Douglas A. McIntyre is the co-founder, chief executive officer and editor in chief of 24/7 Wall St. and 24/7 Tempo. He has held these jobs since 2006.

McIntyre has written thousands of articles for 24/7 Wall St. He is an expert on corporate finance, the automotive industry, media companies and international finance. He has edited articles on national demographics, sports, personal income and travel.

His work has been quoted or mentioned in The New York Times, The Wall Street Journal, Los Angeles Times, The Washington Post, NBC News, Time, The New Yorker, HuffPost USA Today, Business Insider, Yahoo, AOL, MarketWatch, The Atlantic, Bloomberg, New York Post, Chicago Tribune, Forbes, The Guardian and many other major publications. McIntyre has been a guest on CNBC, the BBC and television and radio stations across the country.

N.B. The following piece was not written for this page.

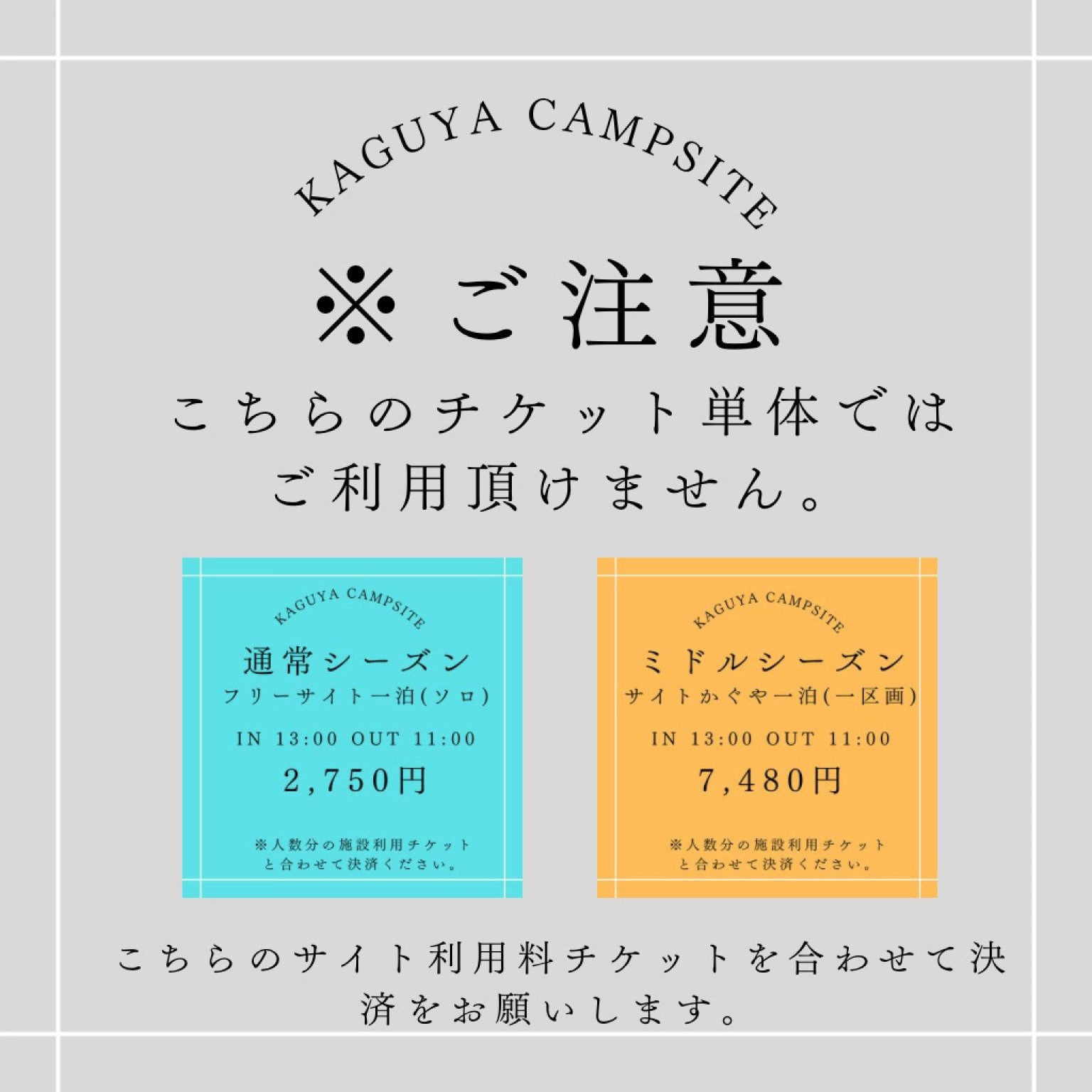 キャンプ場かぐやサークルサイトの施設利用料(大人)専用チケットとなります。チケットはサイト利用料チケットとあわせて人数分の購入をお願いいたします。

A magna cum laude graduate of Harvard College, McIntyre also was president of The Harvard Advocate. Founded in 1866, the Advocate is the oldest college publication in the United States.

TheStreet.com, Comps.com and Edgar Online are some of the public companies for which McIntyre served on the board of directors. He was a Vicinity Corporation board member when the company was sold to Microsoft in 2002. He served on the audit committees of some of these companies.

McIntyre has been the CEO of FutureSource, a provider of trading terminals and news to commodities and futures traders. He was president of Switchboard, the online phone directory company. He served as chairman and CEO of On2 Technologies, the video compression company that provided video compression software for Adobe’s Flash. Google bought On2 in 2009.